To answer your first question:

Look for this code: 
define('DIR_WS_CATALOG', '/catalog/');

Change it into:
define('DIR_WS_CATALOG', '/YOUR_NAME/');


----------



## zhenjie (Aug 27, 2006)

in regards to your 2nd question.

first just remove all your left and right side boxes. then download a contribution that can display your items in a Grid format. I think its called Colume mod and can be found on zen-cart.com. After that, you just need to tinker it to get it the way you look.


----------



## designcircus (Jun 25, 2007)

thanks for the quick replies..

sorry im not a php kinda person. fred, what file is the code ('DIR_WS_CATALOG', '/catalog/') going to be in?

and zhenjie, in the admin config/layout.. ive made the left and right columns to 0..(default was 150px) but it still has like text remaining. also, how would i remove the top banners.. log in.. search .. etc etc.. or is it necessary for the cart to operate?

mahalos


----------



## tcrowder (Apr 27, 2006)

Your best bet is to use the help forum at zencart

Zen Cart(tm) Tutorials and FAQs


----------



## jshade (Feb 24, 2007)

Is Zencart something that you add on to the html code of your site or something like that?


----------



## Rodney (Nov 3, 2004)

jshade said:


> Is Zencart something that you add on to the html code of your site or something like that?

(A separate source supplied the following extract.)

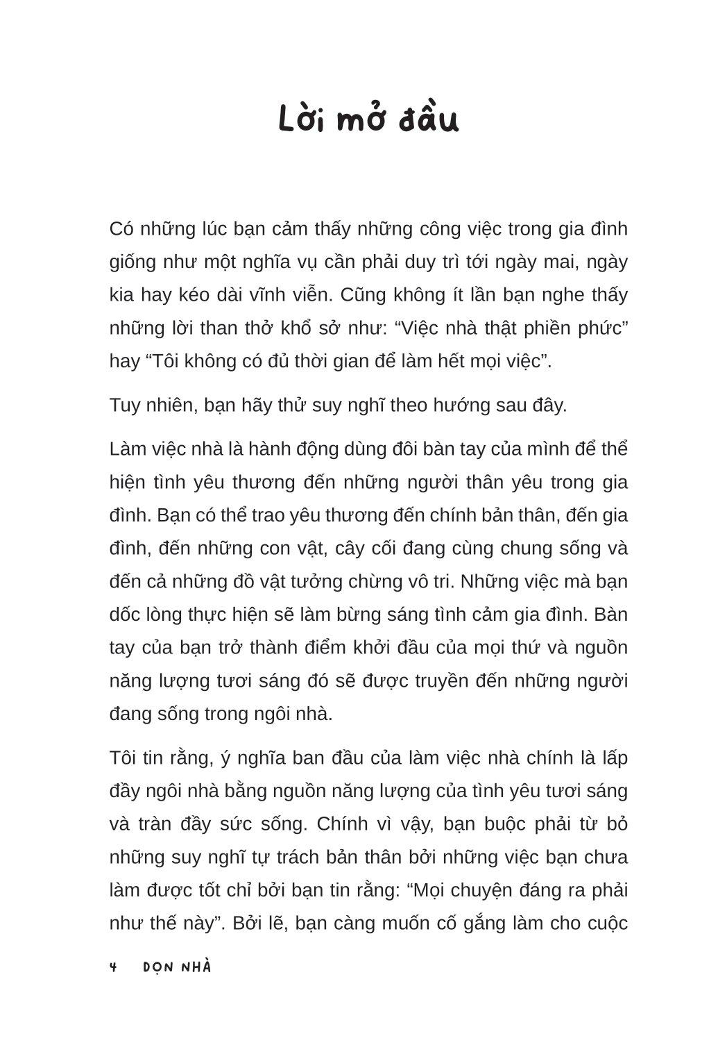 Điều kỳ diệu này được chứng minh qua 6 chương sách trong cuốn DỌN NHÀ của Kamoya Maki, đem đến cho bạn một tư duy hoàn toàn mới về việc “dọn nhà” hay những “công việc gia đình” nói chung. Thông qua những phương pháp tự nhiên không hề gò ép, bạn không chỉ buông bỏ những gánh nặng về trách nhiệm việc nhà mà còn học được cách truyền nguồn năng lượng yêu thương đến chính bản thân, gia đình, con vật hoặc đồ vật tưởng chừng như vô tri. Khi mọi thứ thuận theo dòng chảy của riêng chúng, những việc mà bạn dốc lòng thực hiện sẽ làm bừng sáng tình cảm gia đình. Bàn tay của bạn trở thành điểm khởi đầu của mọi thứ và nguồn năng lượng tươi sáng đó sẽ được truyền đến những người sống trong và ngoài ngôi nhà.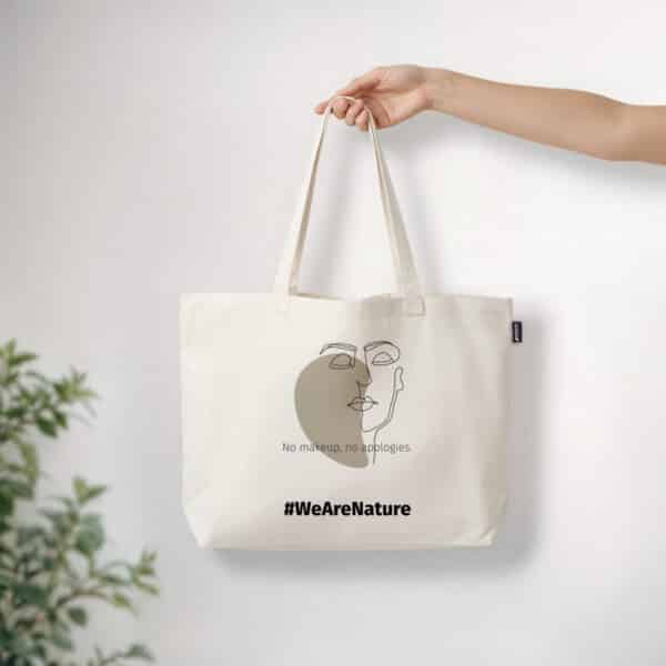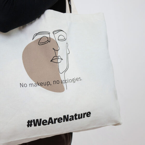 Una tote bag senza tempo che celebra l’autenticità e l’espressione di sé. Con un disegno minimalista a linee di un volto sereno, porta con fierezza il messaggio “No makeup, no apologies,” incoraggiandoci ad abbracciare il nostro io naturale.

zen cart is a shopping cart program that you can install on your web host.


----------



## jbe99ag (Jul 26, 2007)

> and zhenjie, in the admin config/layout.. ive made the left and right columns to 0..(default was 150px) but it still has like text remaining. also, how would i remove the top banners.. log in.. search .. etc etc.. or is it necessary for the cart to operate?


I'm trying to set up my zen cart and having the same problem. I've tried the tutorials, but they are over my head. How do I get all of the crap off of the front page about zen cart and just have it have my business info? Did you ever find the answer to this question you asked?


----------



## Rodney (Nov 3, 2004)

jbe99ag said:


> I'm trying to set up my zen cart and having the same problem. I've tried the tutorials, but they are over my head. How do I get all of the crap off of the front page about zen cart and just have it have my business info? Did you ever find the answer to this question you asked?


Did you ask this question in the zen cart forums?

It's hard to give you suggestions on what to try without seeing what exact text you're talking about. 

"crap of the front page about zen cart" isn't very specific


----------



## designcircus (Jun 25, 2007)

no i havent figured it out yet. 

actually have not been able to work on it since,
but what i did try before.. changing the values to 0 on the side menus or 
columns.. that worked except that there is stil something there i remember.

i actually jst want to get rid of everything... except for the product frame so i can incorporate it into my own site.


----------



## PrintMonkey (Jul 15, 2006)

You need to start here.
Zen Cart(tm) Tutorials and FAQs

M


----------